* [Task details]:
Directions for the data below: repeat exactly the lines from the one with "Возможности анимации в" through the one with "Incluso Bou fue", both included, and omit all pictures.

* [Listed entries]:
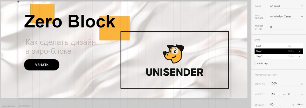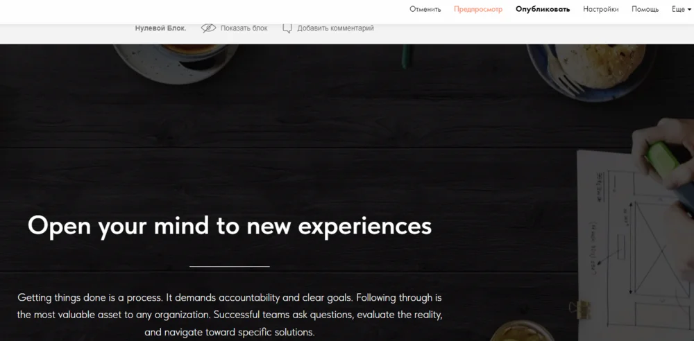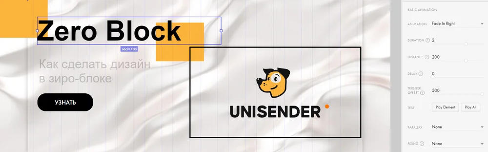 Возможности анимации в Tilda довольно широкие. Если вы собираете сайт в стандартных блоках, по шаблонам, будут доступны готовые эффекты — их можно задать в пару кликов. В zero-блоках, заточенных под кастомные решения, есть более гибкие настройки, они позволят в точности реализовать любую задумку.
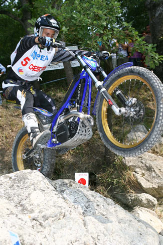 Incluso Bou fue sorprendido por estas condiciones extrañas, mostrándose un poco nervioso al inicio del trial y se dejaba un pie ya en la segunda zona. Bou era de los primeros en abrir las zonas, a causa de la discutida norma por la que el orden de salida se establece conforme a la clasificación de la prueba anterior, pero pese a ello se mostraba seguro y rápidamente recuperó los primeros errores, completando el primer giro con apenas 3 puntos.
...
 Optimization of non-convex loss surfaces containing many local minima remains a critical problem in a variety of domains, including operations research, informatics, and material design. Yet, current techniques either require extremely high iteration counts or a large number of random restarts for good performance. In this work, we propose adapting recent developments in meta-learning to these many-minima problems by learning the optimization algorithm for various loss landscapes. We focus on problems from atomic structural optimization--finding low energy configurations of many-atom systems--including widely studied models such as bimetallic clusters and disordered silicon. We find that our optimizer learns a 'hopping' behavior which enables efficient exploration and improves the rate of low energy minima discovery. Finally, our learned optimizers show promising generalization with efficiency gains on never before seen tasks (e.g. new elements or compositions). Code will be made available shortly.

* [Task answer]:
 Возможности анимации в Tilda довольно широкие. Если вы собираете сайт в стандартных блоках, по шаблонам, будут доступны готовые эффекты — их можно задать в пару кликов. В zero-блоках, заточенных под кастомные решения, есть более гибкие настройки, они позволят в точности реализовать любую задумку.
 Incluso Bou fue sorprendido por estas condiciones extrañas, mostrándose un poco nervioso al inicio del trial y se dejaba un pie ya en la segunda zona. Bou era de los primeros en abrir las zonas, a causa de la discutida norma por la que el orden de salida se establece conforme a la clasificación de la prueba anterior, pero pese a ello se mostraba seguro y rápidamente recuperó los primeros errores, completando el primer giro con apenas 3 puntos.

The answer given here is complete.